### AIM OF THE TASK
Please give the records below back in full, exactly as shown.

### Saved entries
=-=-=
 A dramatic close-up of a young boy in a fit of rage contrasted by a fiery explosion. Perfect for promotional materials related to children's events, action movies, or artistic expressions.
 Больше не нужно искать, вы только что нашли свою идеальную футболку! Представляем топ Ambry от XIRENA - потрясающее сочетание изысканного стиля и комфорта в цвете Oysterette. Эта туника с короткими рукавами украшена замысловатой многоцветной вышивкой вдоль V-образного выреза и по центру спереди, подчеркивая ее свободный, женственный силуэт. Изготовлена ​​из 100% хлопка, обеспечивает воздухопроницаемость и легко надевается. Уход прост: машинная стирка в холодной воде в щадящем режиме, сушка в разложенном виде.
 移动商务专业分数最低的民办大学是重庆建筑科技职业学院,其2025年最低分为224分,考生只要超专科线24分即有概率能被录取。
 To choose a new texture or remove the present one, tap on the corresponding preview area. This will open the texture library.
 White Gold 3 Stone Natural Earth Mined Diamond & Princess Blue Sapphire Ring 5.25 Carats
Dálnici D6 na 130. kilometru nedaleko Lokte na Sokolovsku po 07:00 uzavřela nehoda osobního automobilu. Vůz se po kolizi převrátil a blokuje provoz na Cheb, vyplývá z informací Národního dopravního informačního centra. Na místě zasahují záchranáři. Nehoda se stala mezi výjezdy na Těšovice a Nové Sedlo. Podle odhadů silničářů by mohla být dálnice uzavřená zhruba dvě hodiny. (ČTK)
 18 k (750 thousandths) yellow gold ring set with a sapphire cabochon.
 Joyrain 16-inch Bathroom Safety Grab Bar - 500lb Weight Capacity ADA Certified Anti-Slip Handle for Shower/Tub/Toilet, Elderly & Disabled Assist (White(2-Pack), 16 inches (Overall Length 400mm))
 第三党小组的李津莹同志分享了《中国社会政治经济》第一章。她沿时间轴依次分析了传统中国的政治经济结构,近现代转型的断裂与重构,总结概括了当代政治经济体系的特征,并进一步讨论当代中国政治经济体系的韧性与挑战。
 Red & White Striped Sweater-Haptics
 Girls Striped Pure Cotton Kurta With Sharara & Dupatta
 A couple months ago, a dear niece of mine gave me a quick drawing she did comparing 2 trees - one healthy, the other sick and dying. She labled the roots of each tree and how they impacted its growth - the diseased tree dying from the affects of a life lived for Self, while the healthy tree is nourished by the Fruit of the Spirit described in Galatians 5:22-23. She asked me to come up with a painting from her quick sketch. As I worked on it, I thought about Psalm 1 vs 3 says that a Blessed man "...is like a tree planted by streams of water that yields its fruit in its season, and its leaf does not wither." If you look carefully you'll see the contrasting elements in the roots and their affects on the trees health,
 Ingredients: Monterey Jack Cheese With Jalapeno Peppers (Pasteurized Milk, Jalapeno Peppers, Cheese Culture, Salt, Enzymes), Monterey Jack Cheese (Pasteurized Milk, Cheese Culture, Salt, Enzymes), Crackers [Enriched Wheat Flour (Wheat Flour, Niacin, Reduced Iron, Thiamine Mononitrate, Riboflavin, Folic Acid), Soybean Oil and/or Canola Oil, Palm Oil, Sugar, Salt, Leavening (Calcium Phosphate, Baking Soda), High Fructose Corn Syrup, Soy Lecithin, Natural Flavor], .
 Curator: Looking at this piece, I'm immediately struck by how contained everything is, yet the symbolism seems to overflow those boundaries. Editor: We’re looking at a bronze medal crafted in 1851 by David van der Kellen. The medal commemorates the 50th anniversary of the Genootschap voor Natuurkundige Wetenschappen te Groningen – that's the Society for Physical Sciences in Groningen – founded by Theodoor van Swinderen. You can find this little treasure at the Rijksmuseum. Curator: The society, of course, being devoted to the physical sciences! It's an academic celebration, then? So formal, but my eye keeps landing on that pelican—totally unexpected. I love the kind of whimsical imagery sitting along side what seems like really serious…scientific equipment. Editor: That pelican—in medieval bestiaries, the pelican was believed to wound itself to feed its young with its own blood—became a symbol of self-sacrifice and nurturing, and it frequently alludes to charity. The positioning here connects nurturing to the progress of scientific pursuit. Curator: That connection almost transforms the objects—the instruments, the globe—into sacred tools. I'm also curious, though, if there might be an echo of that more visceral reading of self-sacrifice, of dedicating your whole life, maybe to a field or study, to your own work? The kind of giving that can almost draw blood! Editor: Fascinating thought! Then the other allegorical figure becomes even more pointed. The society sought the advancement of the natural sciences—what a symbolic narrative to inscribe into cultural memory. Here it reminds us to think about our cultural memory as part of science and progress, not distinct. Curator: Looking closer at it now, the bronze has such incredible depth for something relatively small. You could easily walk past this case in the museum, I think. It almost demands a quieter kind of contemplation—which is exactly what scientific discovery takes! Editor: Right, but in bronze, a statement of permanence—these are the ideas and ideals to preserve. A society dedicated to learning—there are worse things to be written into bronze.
=-=-=
### SOLUTION TO THIS PROBLEM
 A dramatic close-up of a young boy in a fit of rage contrasted by a fiery explosion. Perfect for promotional materials related to children's events, action movies, or artistic expressions.
 Больше не нужно искать, вы только что нашли свою идеальную футболку! Представляем топ Ambry от XIRENA - потрясающее сочетание изысканного стиля и комфорта в цвете Oysterette. Эта туника с короткими рукавами украшена замысловатой многоцветной вышивкой вдоль V-образного выреза и по центру спереди, подчеркивая ее свободный, женственный силуэт. Изготовлена ​​из 100% хлопка, обеспечивает воздухопроницаемость и легко надевается. Уход прост: машинная стирка в холодной воде в щадящем режиме, сушка в разложенном виде.
 移动商务专业分数最低的民办大学是重庆建筑科技职业学院,其2025年最低分为224分,考生只要超专科线24分即有概率能被录取。
 To choose a new texture or remove the present one, tap on the corresponding preview area. This will open the texture library.
 White Gold 3 Stone Natural Earth Mined Diamond & Princess Blue Sapphire Ring 5.25 Carats
Dálnici D6 na 130. kilometru nedaleko Lokte na Sokolovsku po 07:00 uzavřela nehoda osobního automobilu. Vůz se po kolizi převrátil a blokuje provoz na Cheb, vyplývá z informací Národního dopravního informačního centra. Na místě zasahují záchranáři. Nehoda se stala mezi výjezdy na Těšovice a Nové Sedlo. Podle odhadů silničářů by mohla být dálnice uzavřená zhruba dvě hodiny. (ČTK)
 18 k (750 thousandths) yellow gold ring set with a sapphire cabochon.
 Joyrain 16-inch Bathroom Safety Grab Bar - 500lb Weight Capacity ADA Certified Anti-Slip Handle for Shower/Tub/Toilet, Elderly & Disabled Assist (White(2-Pack), 16 inches (Overall Length 400mm))
 第三党小组的李津莹同志分享了《中国社会政治经济》第一章。她沿时间轴依次分析了传统中国的政治经济结构,近现代转型的断裂与重构,总结概括了当代政治经济体系的特征,并进一步讨论当代中国政治经济体系的韧性与挑战。
 Red & White Striped Sweater-Haptics
 Girls Striped Pure Cotton Kurta With Sharara & Dupatta
 A couple months ago, a dear niece of mine gave me a quick drawing she did comparing 2 trees - one healthy, the other sick and dying. She labled the roots of each tree and how they impacted its growth - the diseased tree dying from the affects of a life lived for Self, while the healthy tree is nourished by the Fruit of the Spirit described in Galatians 5:22-23. She asked me to come up with a painting from her quick sketch. As I worked on it, I thought about Psalm 1 vs 3 says that a Blessed man "...is like a tree planted by streams of water that yields its fruit in its season, and its leaf does not wither." If you look carefully you'll see the contrasting elements in the roots and their affects on the trees health,
 Ingredients: Monterey Jack Cheese With Jalapeno Peppers (Pasteurized Milk, Jalapeno Peppers, Cheese Culture, Salt, Enzymes), Monterey Jack Cheese (Pasteurized Milk, Cheese Culture, Salt, Enzymes), Crackers [Enriched Wheat Flour (Wheat Flour, Niacin, Reduced Iron, Thiamine Mononitrate, Riboflavin, Folic Acid), Soybean Oil and/or Canola Oil, Palm Oil, Sugar, Salt, Leavening (Calcium Phosphate, Baking Soda), High Fructose Corn Syrup, Soy Lecithin, Natural Flavor], .
 Curator: Looking at this piece, I'm immediately struck by how contained everything is, yet the symbolism seems to overflow those boundaries. Editor: We’re looking at a bronze medal crafted in 1851 by David van der Kellen. The medal commemorates the 50th anniversary of the Genootschap voor Natuurkundige Wetenschappen te Groningen – that's the Society for Physical Sciences in Groningen – founded by Theodoor van Swinderen. You can find this little treasure at the Rijksmuseum. Curator: The society, of course, being devoted to the physical sciences! It's an academic celebration, then? So formal, but my eye keeps landing on that pelican—totally unexpected. I love the kind of whimsical imagery sitting along side what seems like really serious…scientific equipment. Editor: That pelican—in medieval bestiaries, the pelican was believed to wound itself to feed its young with its own blood—became a symbol of self-sacrifice and nurturing, and it frequently alludes to charity. The positioning here connects nurturing to the progress of scientific pursuit. Curator: That connection almost transforms the objects—the instruments, the globe—into sacred tools. I'm also curious, though, if there might be an echo of that more visceral reading of self-sacrifice, of dedicating your whole life, maybe to a field or study, to your own work? The kind of giving that can almost draw blood! Editor: Fascinating thought! Then the other allegorical figure becomes even more pointed. The society sought the advancement of the natural sciences—what a symbolic narrative to inscribe into cultural memory. Here it reminds us to think about our cultural memory as part of science and progress, not distinct. Curator: Looking closer at it now, the bronze has such incredible depth for something relatively small. You could easily walk past this case in the museum, I think. It almost demands a quieter kind of contemplation—which is exactly what scientific discovery takes! Editor: Right, but in bronze, a statement of permanence—these are the ideas and ideals to preserve. A society dedicated to learning—there are worse things to be written into bronze.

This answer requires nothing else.